Disabling the Windows Search service was one of the first things I tried. It hasn't made any difference. Explorer is currently using 342,896KB memory.

I really have no idea what to try to get Explorer to stop eating up memory. It's making navigation slow; folder contents don't display immediately, the desktop will freeze temporarily. I've killed all unnecessary processes - no effect. Done a bunch of Googling but haven't come up with anything.

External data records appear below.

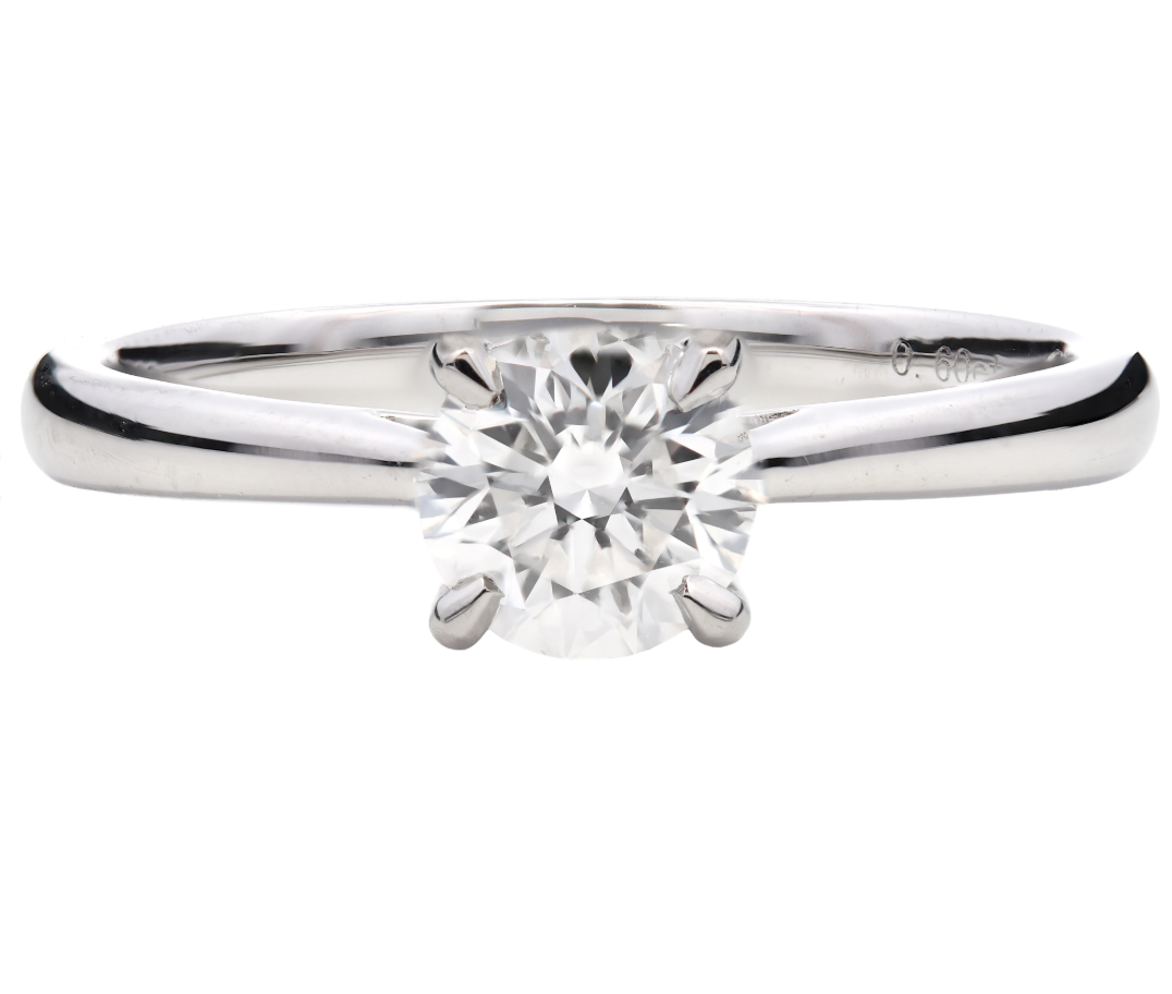Anello solitario da fidanzamento con diamante taglio brillante di 0.60 carati colore F purezza VS1.
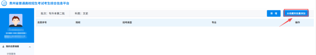方式2:通过【新增】添加志愿草稿。考生可通过左侧的【我的志愿填报】→【草稿箱】→【编辑】→【新增】添加志愿草稿。
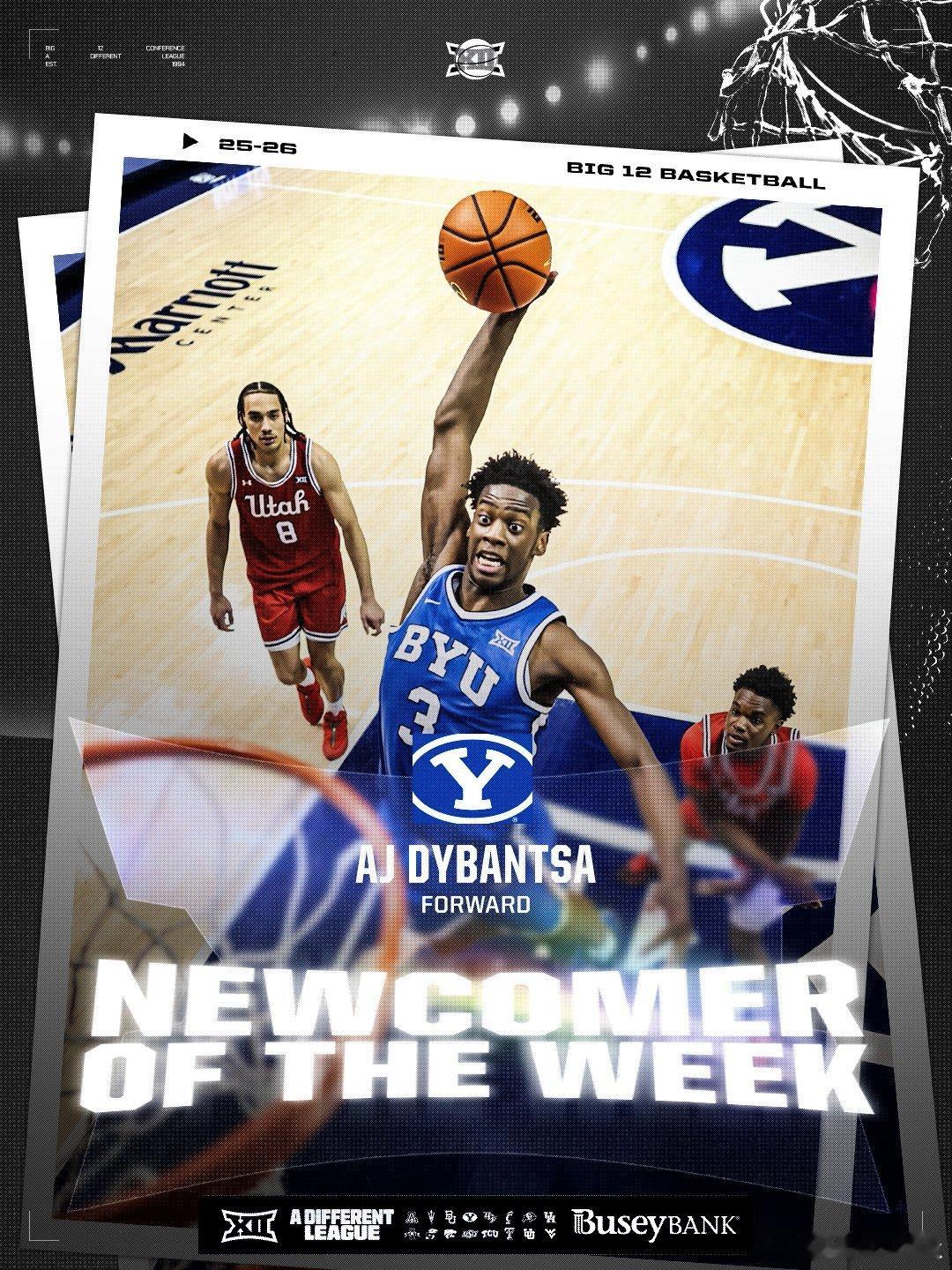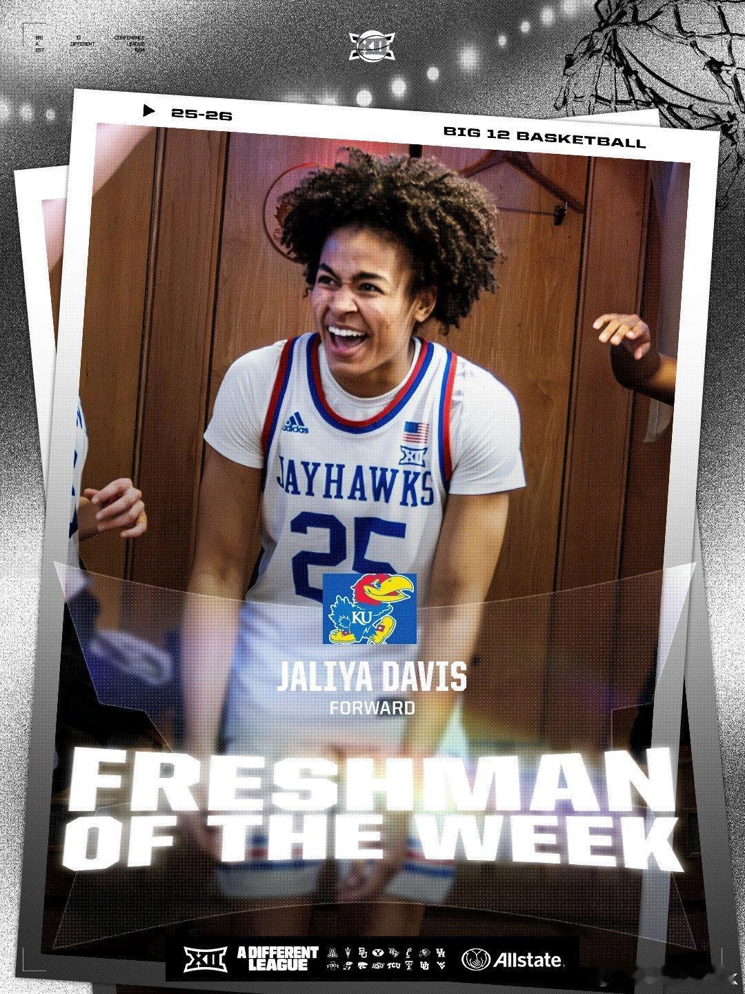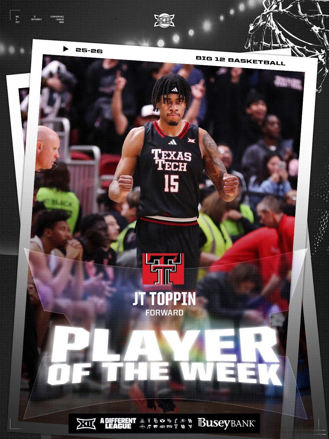 Big 12联盟第12周表现奖(2025-2026赛季)。NCAA男篮 最佳球员:JT Toppin,最佳新生:AJ Dybantsa。NCAA女篮 最佳球员:Jada Williams,最佳新生:Jaliya Davis。
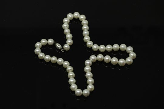 A cultured pearl necklace with sterling silver clasp, length 42 cm.

I'm wondering if it's hardware related or something. Could a bad drive make explorer do this?

Thanks for you help,

DC

No, I do not think so. Plus if it was a bad drive you would see errors in your event log when the drive becomes unresponsive.

Please visit the following link and use the instructions there to post a ComboFix log as a reply to this topic:

http://www.bleepingcomputer.com/combofix/how-to-use-combofix

After running ComboFix, please post the ComboFix log as a reply to this

I guess Combofix doesn't work on Windows XP 64. I get the error: "Incompatible OS. ComboFix only works for Windows 2000 and XP".

Error message attached.

Now what?

Thanks,
DC

• Download random's system information tool (RSIT) by random/random from here and save it to your desktop.
• Double click on RSIT.exe to run RSIT.
• Click Continue at the disclaimer screen.
• Once it has finished, two logs will open. Please post the contents of both log.txt (<<will be maximized) and info.txt (<<will be minimized)

Hi,

Now I get an error when I run RSIT:

"Error parsing function call"

After I get this error, the program quits. Screenshot of the error attached.

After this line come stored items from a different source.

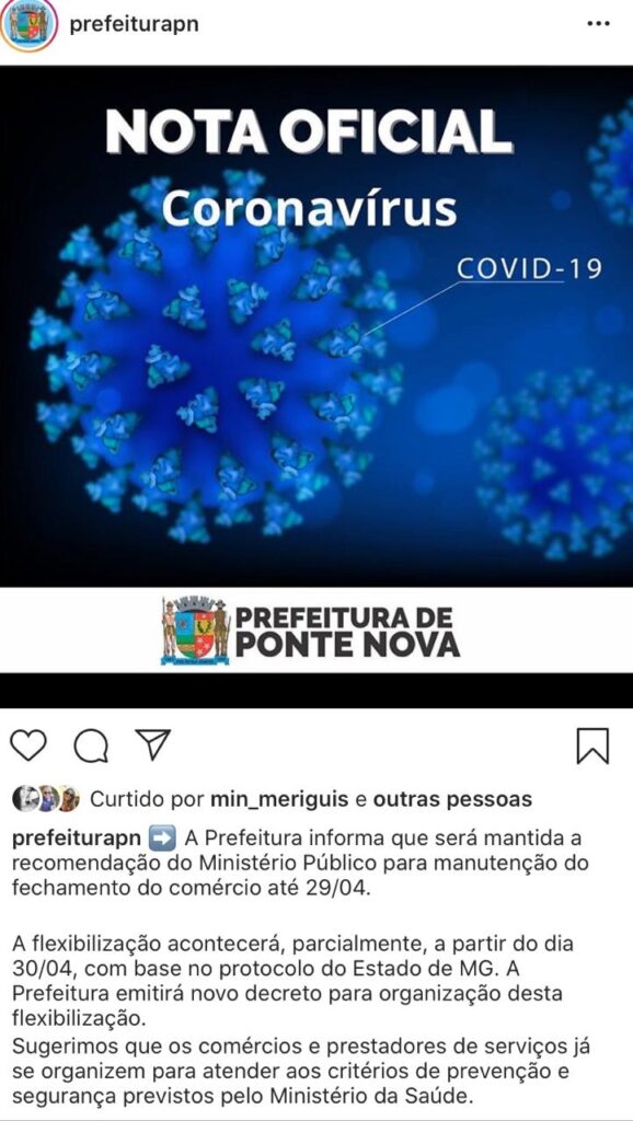 A ACIP/CDL reforça a informação divulgada pela Prefeitura de Ponte Nova na última sexta-feira (24/04). Na ocasião, foi anunciado que o comércio terá sua abertura flexibilizada a partir desta quinta-feira (30/04), conforme a imagem abaixo. Os detalhes ainda serão divulgados pelo Executivo Municipal, através de novo Decreto.
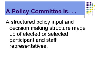 The document discusses establishing an effective policy committee for a youth program. It lists examples of policy committee responsibilities such as recommending policy changes, selecting community service projects, and reviewing budgets. It also discusses different levels of decision-making a policy committee can have, from simply providing input to making collective decisions. Finally, it outlines key practices for establishing an effective policy committee, including ensuring structural and operational respect, and focusing on relationship development between committee members and staff.
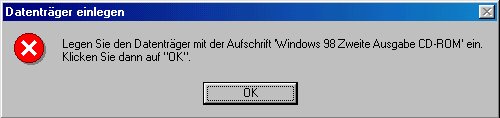 Der Computer benötigt jetzt noch die "Win98 - CD" um die Installation abzuschließen. Legen Sie die Cd in das Laufwerk ein und klicken Sie auf "OK"
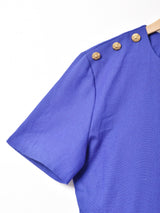 肩にあしらったゴールドのボタンをスパイスに効かせた半袖ワンピース。さっぱりとした薄手の生地で、裏地はありません。
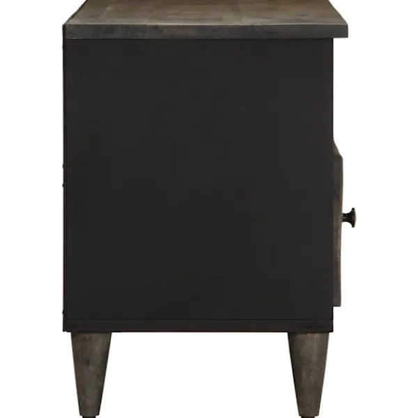- Handskuret mönster: Det fint snidade mönstret ger TV-bänken ett unikt utseende.
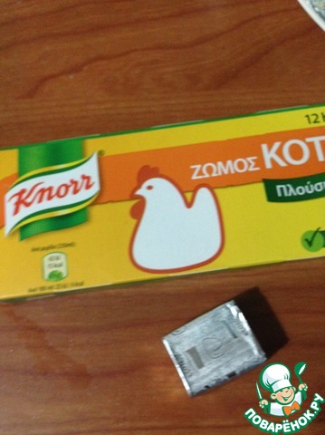 Затем добавляем кубик бульонный, у меня был куриный. Кому как нравится, кто не использует, может не класть.

I did run Malwarebytes' Anti-Malware, which I read from another post. Did a "quick scan". I have attached the log from that.

And also a log from OTViewIt

Thanks,
DC

Edited by dietcheese, 10 January 2009 - 11:05 PM.

Not seeing anything strange.

Do me a favor and do a search for explorer.exe and lsass.exe. Where are these files located?

Whats in this folder? If empty, please delete it.

C:\32788R22FWJFW

Also can you open this file and post it's contents?

C:\Documents and Settings\Administrator\Local Settings\Application Data\DCBC2A71-70D8-4DAN-EHR8-E0D61DEA3FDF.ini


Any idea what this is?

C:\Documents and Settings\Administrator\Desktop\Administrator.exe

Hi,

I have windows search disabled for now but I will turn it back on and do a search.

I couldn't find C:\Documents and Settings\Administrator\Desktop\Administrator.exe. Hidden files are set to "show". I don't know what that is.

I have uploaded a screenshot of the contents of C:\32788R22FWJFW. I also see this same-named directory, with the same contents on my G: Drive. Could this have been created by ComboFix?

All that said, yesterday I disabled the PerfectDisk agent and I haven't had any issues with explorer eating up memory so I'm beginning to think that is the cause.

Thanks,
DC

I have uploaded a screenshot of the contents of C:\32788R22FWJFW. I also see this same-named directory, with the same contents on my G: Drive. Could this have been created by ComboFix?

Go ahead and delete that folder and the DCBC2A71_70D8_4DAN_EHR8_E0D61DEA3FDF.ini file.

OTViewit said administrator.exe is from TrendMicro, so prob not an issue.

Not seeing anything here that would indicate malware.